Microneutralisation assay modification 2: addition of compstatin
The following modifications were made from the previously described MNA method to determine the effect of compstatin on PHP. All serum samples (OPTIC cohort, n = 3) were diluted in 1% Calu-3 assay media to a final dilution of 1:1200 with the addition of either: 20% PHP with 130 µM compstatin (amino acid sequence: ICVVQDWGHHRCT-NH2), 20% PHP with 130 µM compstatin control peptide (amino acid sequence: IAVVQDWGHHRAT-NH2), or 1% Calu-3 assay media. The assay then progressed as previously described for MNAs. All samples were tested in triplicate and assays were performed in duplicate.

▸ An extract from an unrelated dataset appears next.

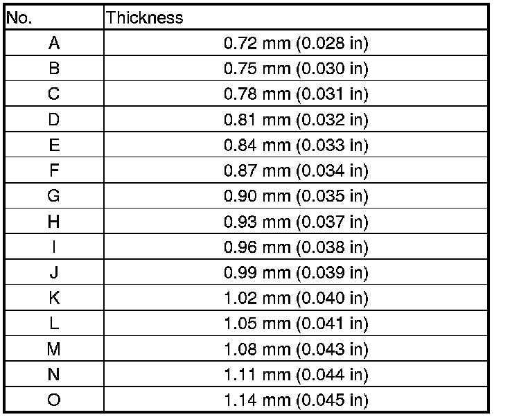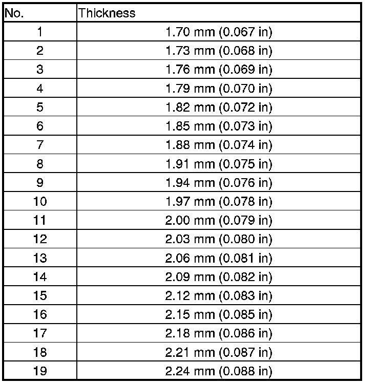 43. Measure the thickness of the removed 80 mm thrust shim, and select a new 80 mm thrust shim.

Microneutralisation assay development
MNAs were prepared as previously described. After 20 h (VIC01) or 24 h (BA.1) post-infection, the CMC overlay was aspirated, each well was washed with 200 µl of DPBS, and the cells were fixed with 100 µl of 4% paraformaldehyde (PFA) in DPBS for 30 min. The 4% PFA was then aspirated and replaced with 100 µl of permeabilization buffer (2% Triton X-100 in DPBS). The plates were then incubated at 37 °C, 5% CO2 for 30 min. All wells were then aspirated and washed three times with 100 µl of wash buffer (0.1% tween-20 in DPBS), and 50 µl of anti-SARS-CoV-2-nucleocapsid antibody (generously provided by Tiong Tan at the Radcliffe Department of Medicine, University of Oxford, UK) was diluted 1:5000 in wash buffer and added to each well. All samples were then incubated at RT for 1 h whilst shaking at 150 rpm, aspirated, and washed three times with 100 µl of wash buffer. Anti-human IgG antibody (Merck, #A0170-1ML, polyclonal) conjugated to peroxidase was then diluted 1:5000 in wash buffer, and 50 µl was added to each well. All samples were then incubated at RT for 1 h whilst shaking at 150 rpm, aspirated, and washed three times with 100 µl of wash buffer. The samples were developed using 40 µl of TrueBlueTM Peroxidase Substrate (Seracare) in each well and incubated for 10 min at RT whilst shaking at 150 rpm. The substrate was aspirated and 100 µl of ultrapure water was added to each well before a 5 min incubation at RT, whilst shaking at 150 rpm. Finally, all samples were aspirated and left to dry at RT for 45 min before determining the number of foci with the ImmunoSpot® (Cellular Technology LTD). Foci were automatically counted using the BioSpotTM Software Suite and subjected to quality control to verify the counting accuracy and ensure integrity of the cell monolayer.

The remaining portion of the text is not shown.